Lake Russell

Biographical details
- Born: April 6, 1898
- Died: December 26, 1980 (aged 82) McMinnville, Tennessee, U.S.

Coaching career (HC unless noted)

Football
- 1924–1928: Carson–Newman
- 1929–1940: Mercer
- 1949–1953: Miami Beach Senior HS (FL) (assistant)
- 1954: Miami Beach Senior HS (FL)

Basketball
- 1929–1930: Mercer
- 1932–1934: Mercer
- 1936–1939: Mercer

Administrative career (AD unless noted)
- 1931–1941: Mercer

Head coaching record
- Overall: 62–82–8 (college football)

= Lake Russell (coach) =

American football coach

Lake F. Russell (April 6, 1898 – December 26, 1980) was an American football and basketball coach. He served as the head football coach at Carson–Newman College from 1924 to 1928 and compiled a record of 16–20–3. After leaving Carson–Newman, Russell coached at Mercer University from 1929 to 1940 and compiled a record of 46–61–5. He also served as head men's basketball coach at Mercer from 1929 to 1930, from 1932 to 1934 and again from 1936 to 1939.

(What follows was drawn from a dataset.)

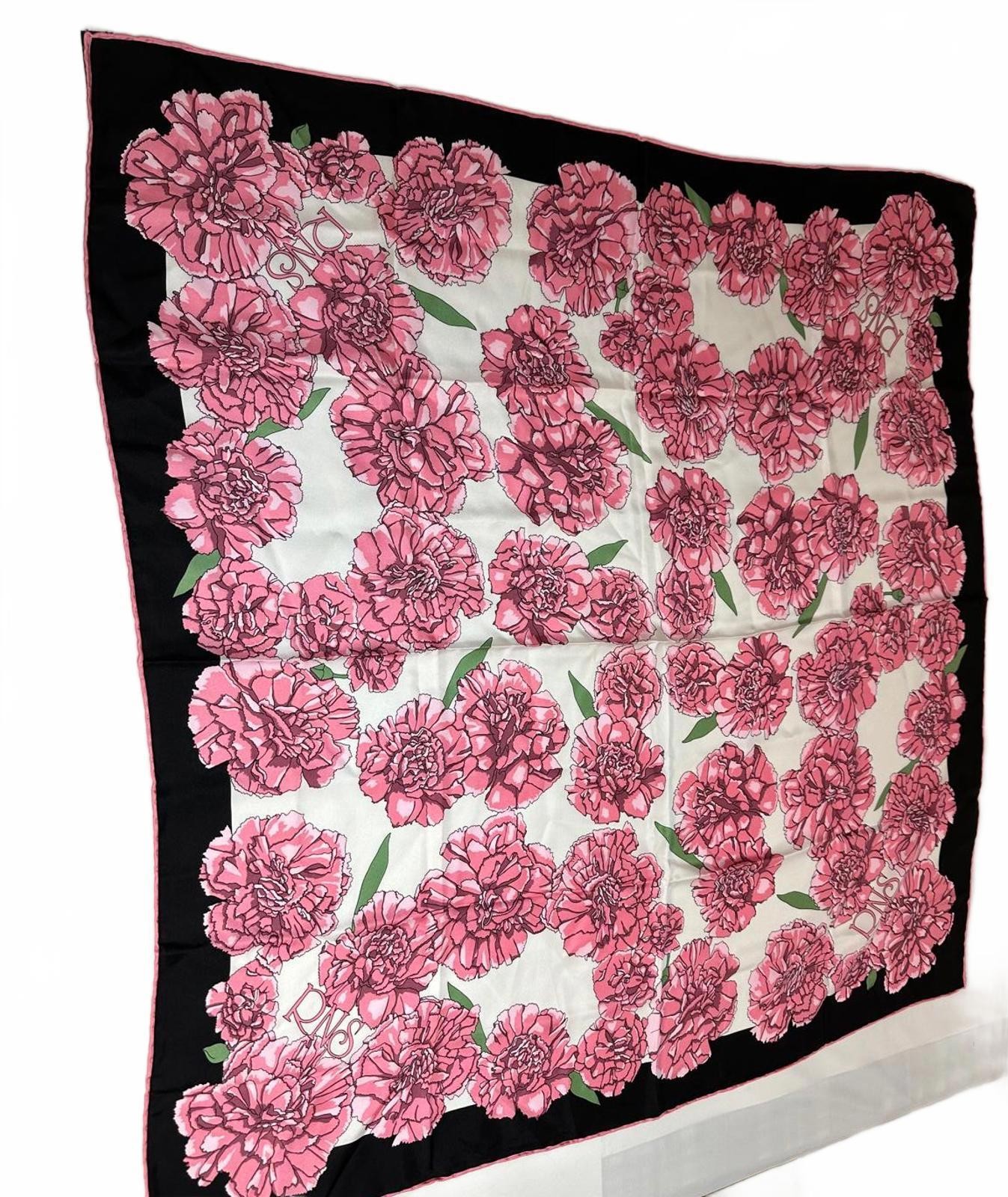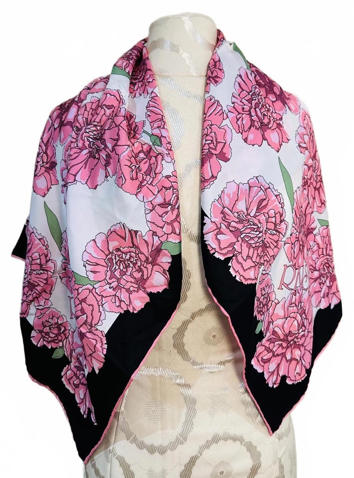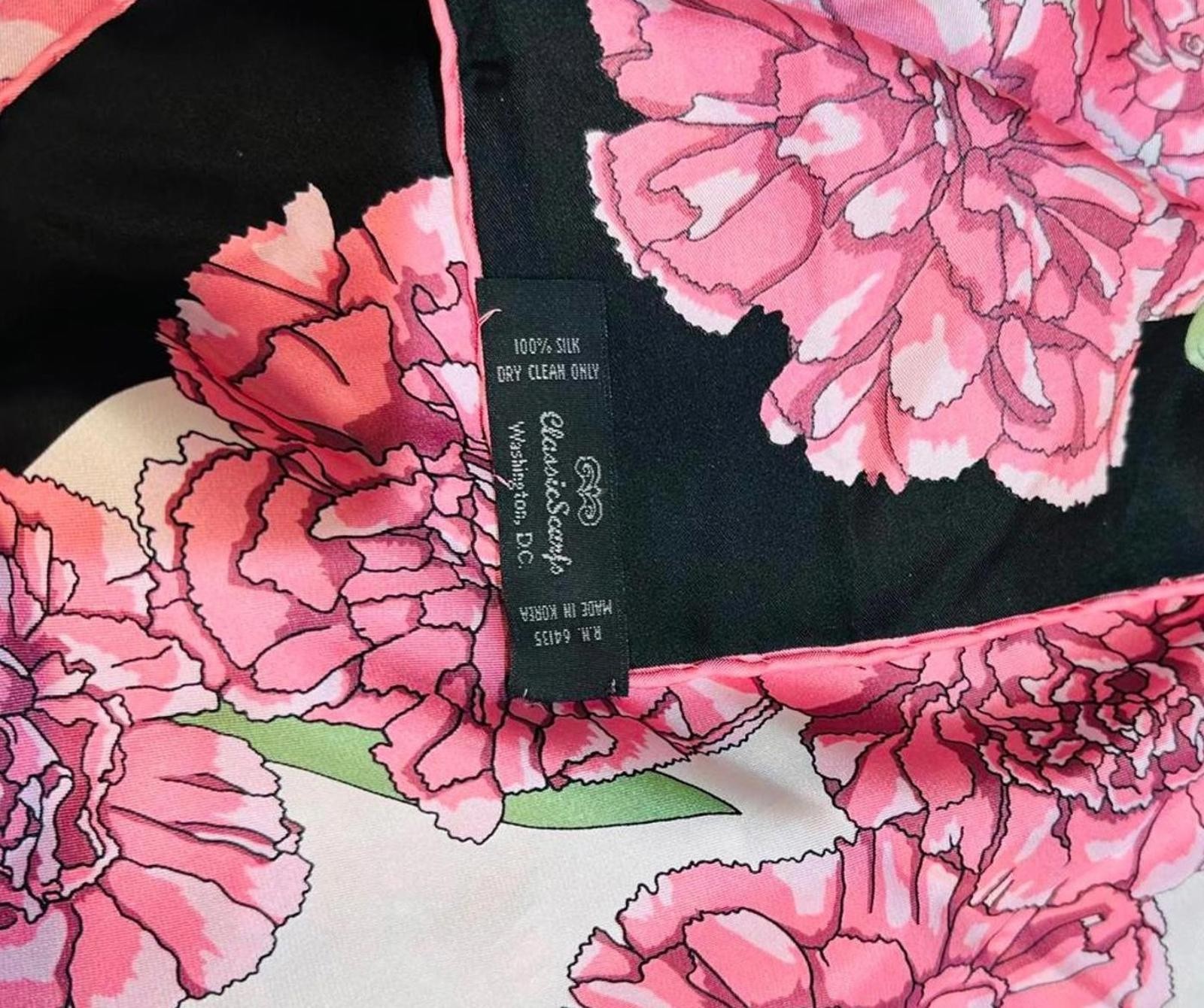как выглядит Vintage 100 SILK Pink Floral Square Scarf w White Background Black Trim RNS фото

Serving as an assistant coach since 1949, Russell was named head coach in 1954 at Miami Beach Senior High School in Miami Beach, Florida. He served as head coach at Miami Beach through August 1955 when he resigned to become the superintendent of the State Training & Agricultural School in Nashville, Tennessee.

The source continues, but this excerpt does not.